S&P cuts Verizon to BBB+

Standard & Poor's said it lowered its corporate credit rating and senior unsecured debt rating on Verizon Communications Inc. and its related entities, including Cellco Partnership, to BBB+ from A-.

The short-term rating on Verizon was affirmed at A-2. The outlook is stable.

S&P said the downgrade follows the company's announced agreement to acquire Vodafone's 45% stake in Cellco Partnership for $130 billion, which it is financing with about $67 billion in debt including preferred equity that it classifies as debt and a $5 billion note payable to Vodafone, common equity currently valued at about $60.2 billion and the rest in other consideration including the sale of Verizon's stake in Vodafone Italy.

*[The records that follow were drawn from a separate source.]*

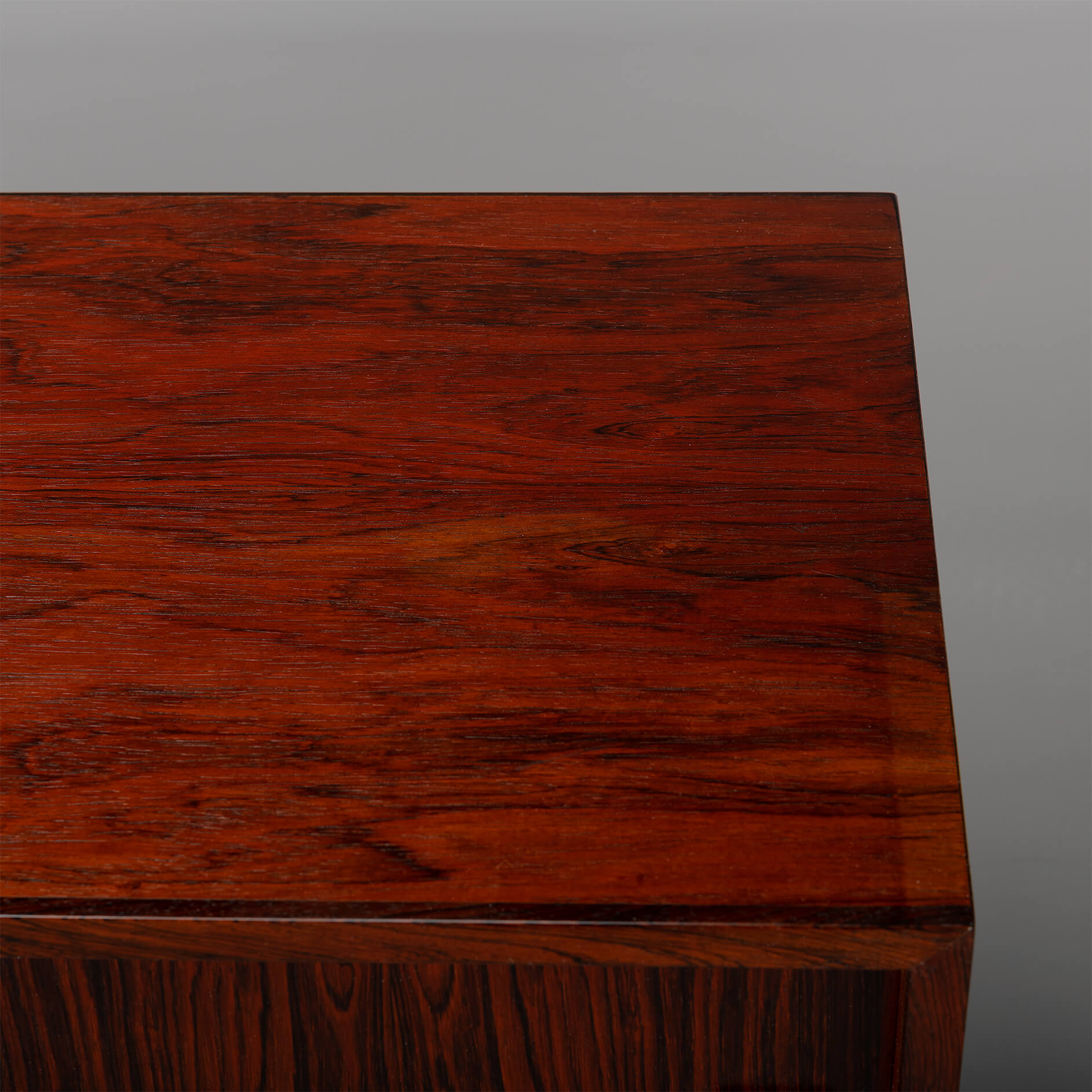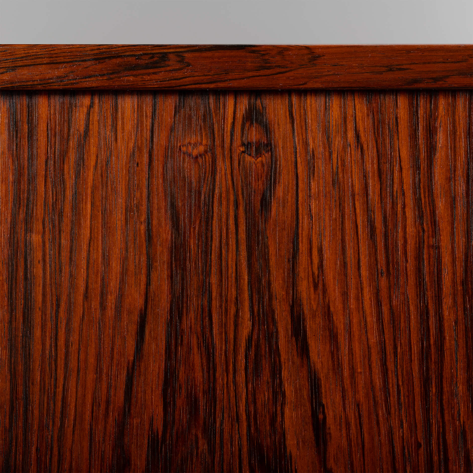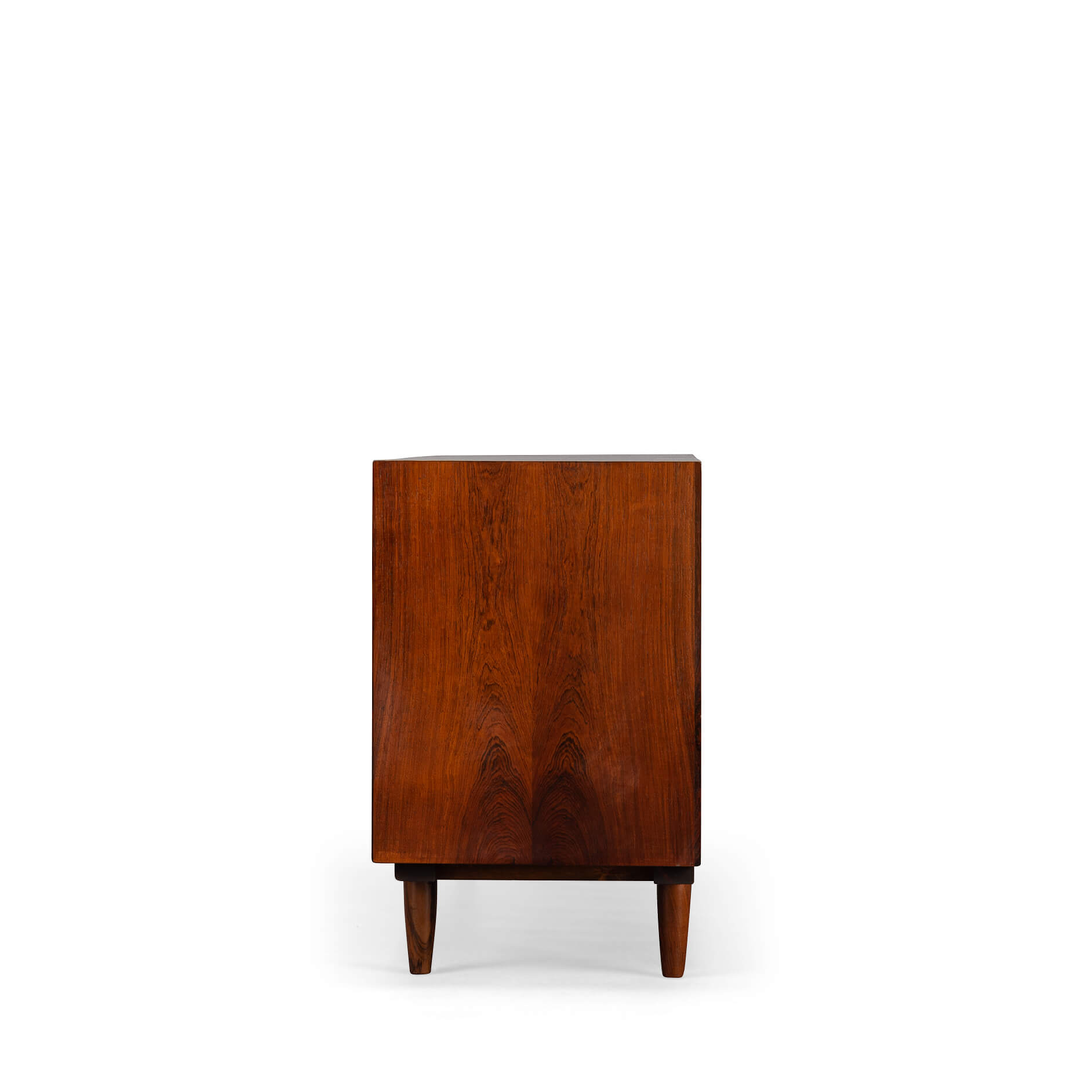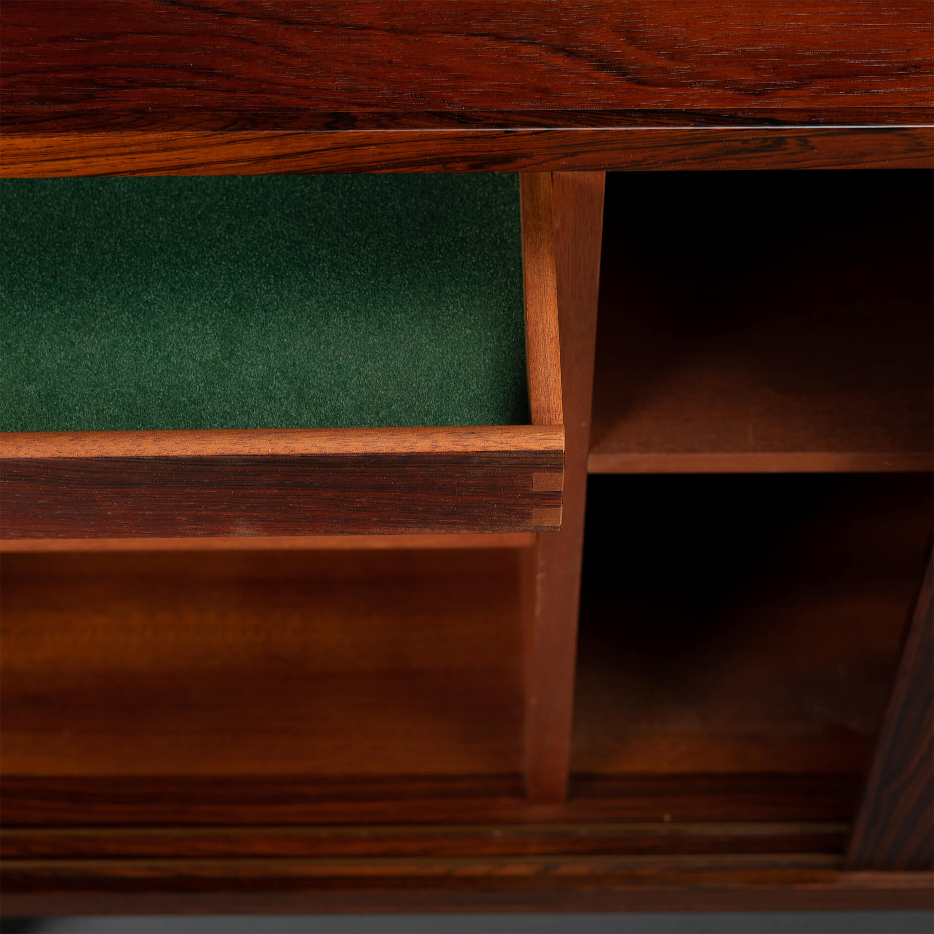 It always sparks our happiness when we return with a piece like this from our trips. Ultra slick design, not overdone on detailing and rosewood veneer. Rosewood comes with much more pronounced veining of the wood than teak. Some areas are almost black and provides for a dark and mysterious vibe of this small credenza. The storage space can be divided with height-adjustable shelves. Rectangular facet-sawn handles give the cabinet a sleek and functional look.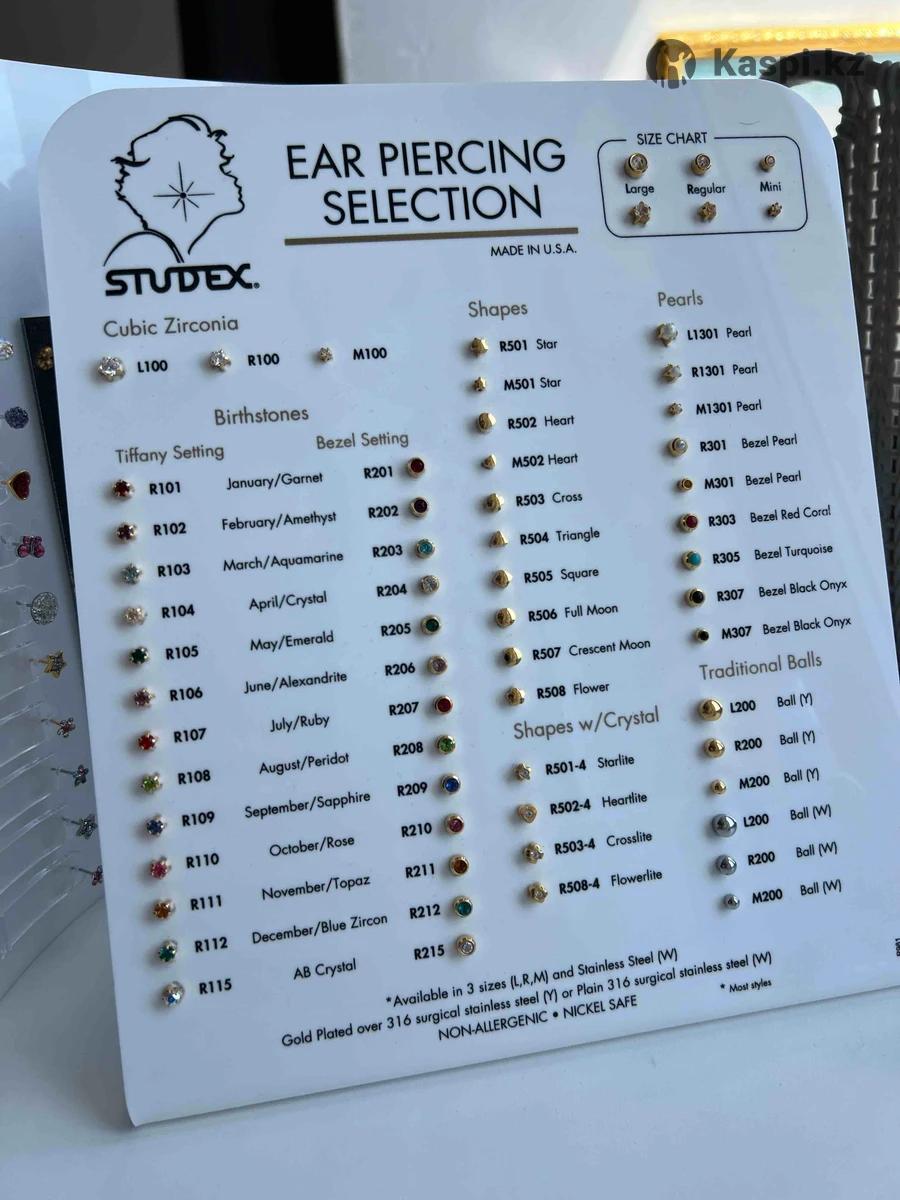 Демонстрационный новый стенд с серьгами Медицинские серьги для прокола ушей Производство США STUDEX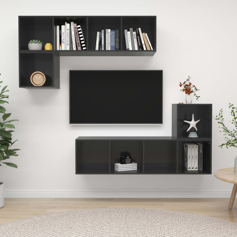 Berkfield 4 Piece TV Cabinet Set High Gloss Grey Engineered Wood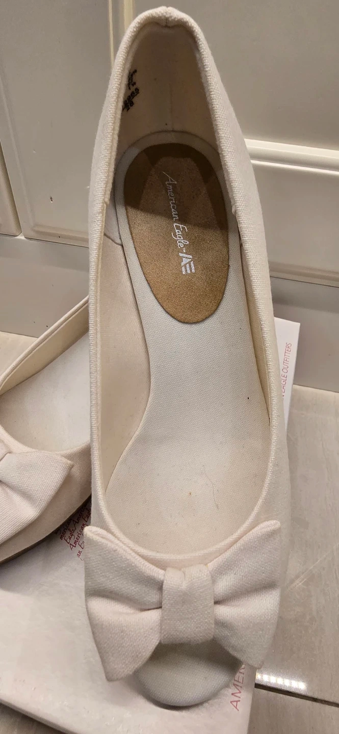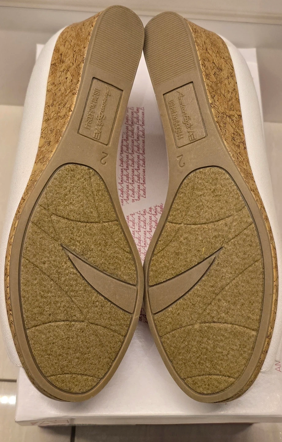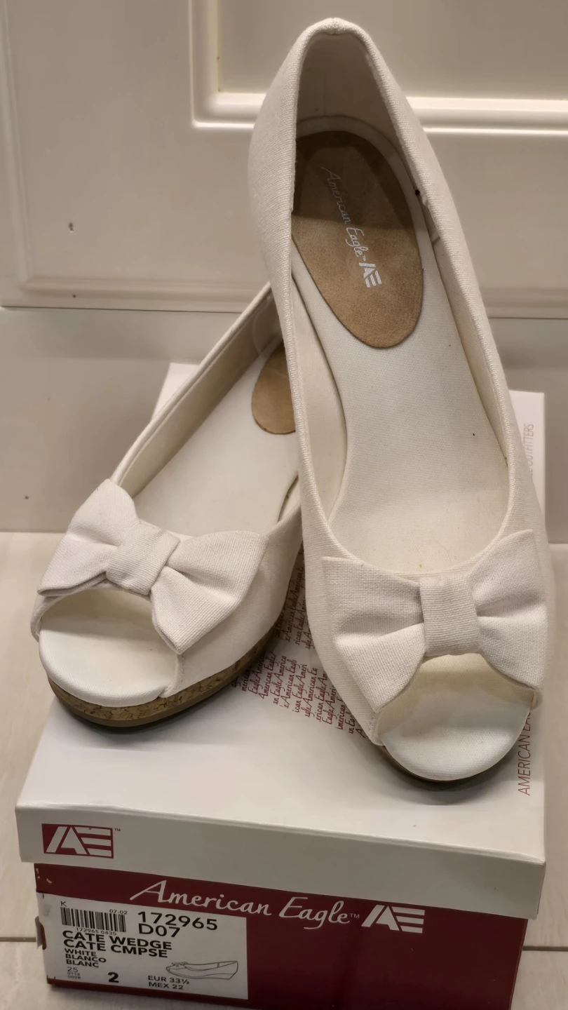 These American Eagle white wedge shoes are brand new, never worn and come with the original box! They're a size 2 youth. Perfect for adding a little height with a comfy wedge heel!
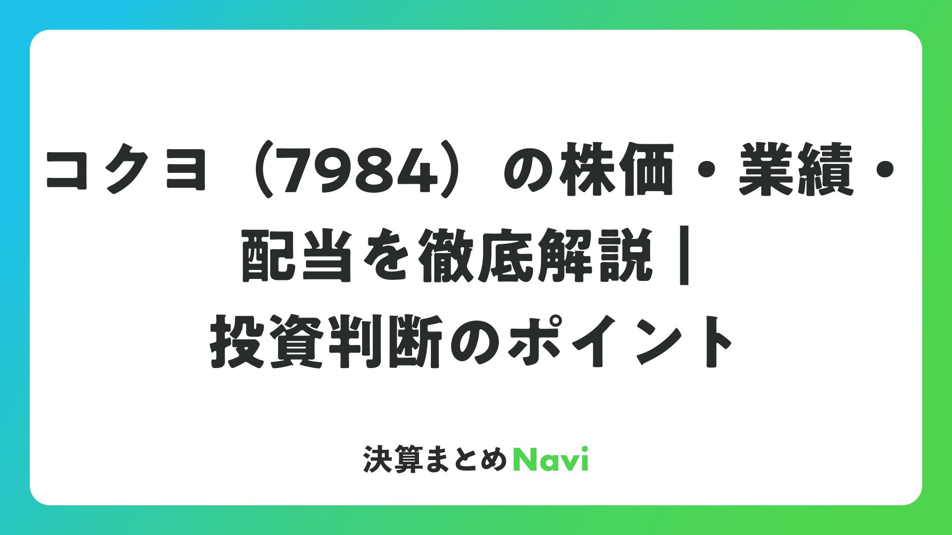 コクヨ(7984)の株価・業績・配当を徹底解説|投資判断のポイントをまとめました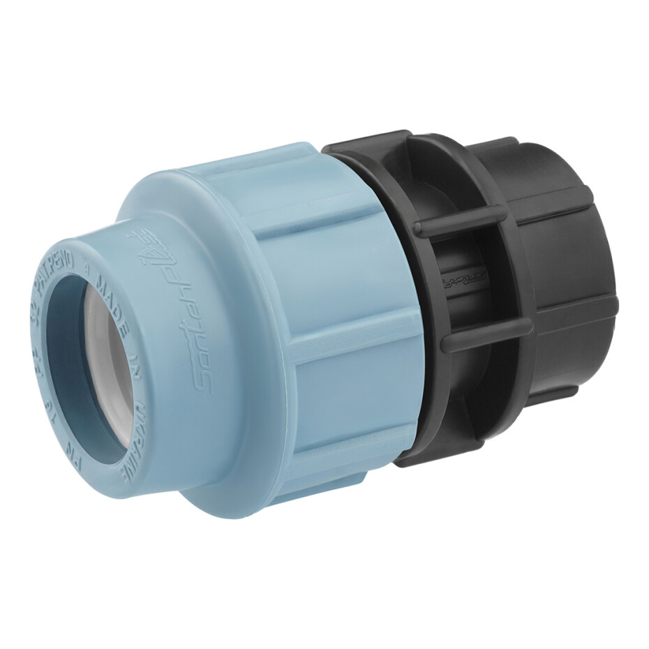 Муфта ПЕ SantehPlast 32х1" РВ — це з'єднувальний фітинг для поліетиленових труб, що дає змогу надійно з'єднати труби з різними діаметрами. Один кінець розрахований на труби діаметром 32 мм, а інший — на труби з дюймовим з'єднанням 1", виконаним із внутрішнім різьбленням (РВ).
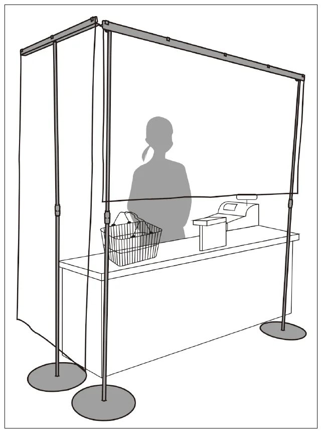 スーパー・物販店・ショップなどの店舗レジカウンター向け飛沫防止対策ビニールシートスタンド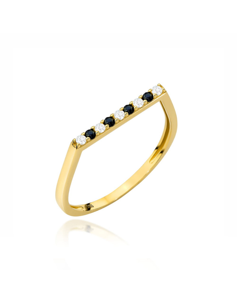 Pierścionek złoty z białymi cyrkoniami i czarnymi kamieniami w rzędzie (Rozmiar:18 pr. 585 Gramatura: 1.28)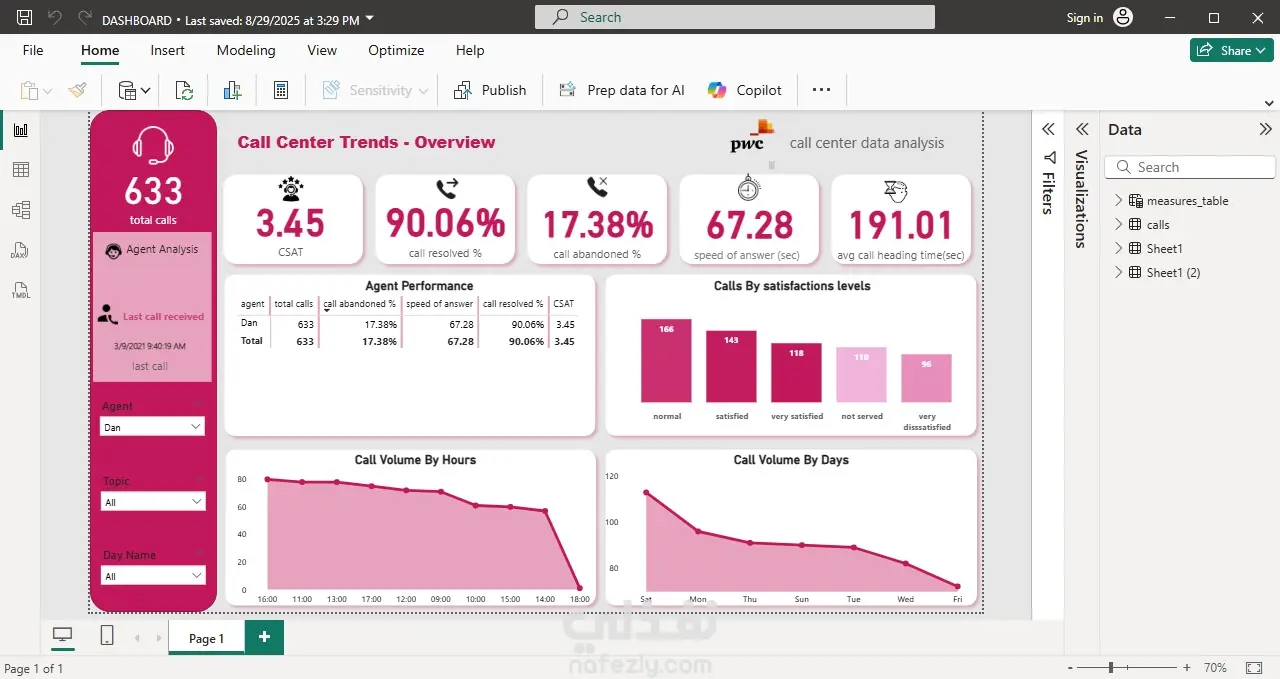 داشبورد call center تعرض اهم النقاط التى تعكس اهمية تحليلي البيانات في عملية اتخاذ القرار

Based on the increased debt and S&P's inclusion of the additional 45% of Cellco's EBITDA in our ratio calculations, the agency said it expects the transaction to result in pro forma leverage including adjustments rising to the 3.4x from 3x currently, and funds from operations to debt declining to the low-20% area.

"We expect the company to reduce leverage over the next few years but our base-case scenario assumes that debt to EBITDA remains at 3x or higher through 2014 and FFO to debt remains in the mid-20% area; we have therefore revised our financial risk profile assessment to 'significant' from 'intermediate,'" S&P credit analyst Catherine Cosentino said in a news release.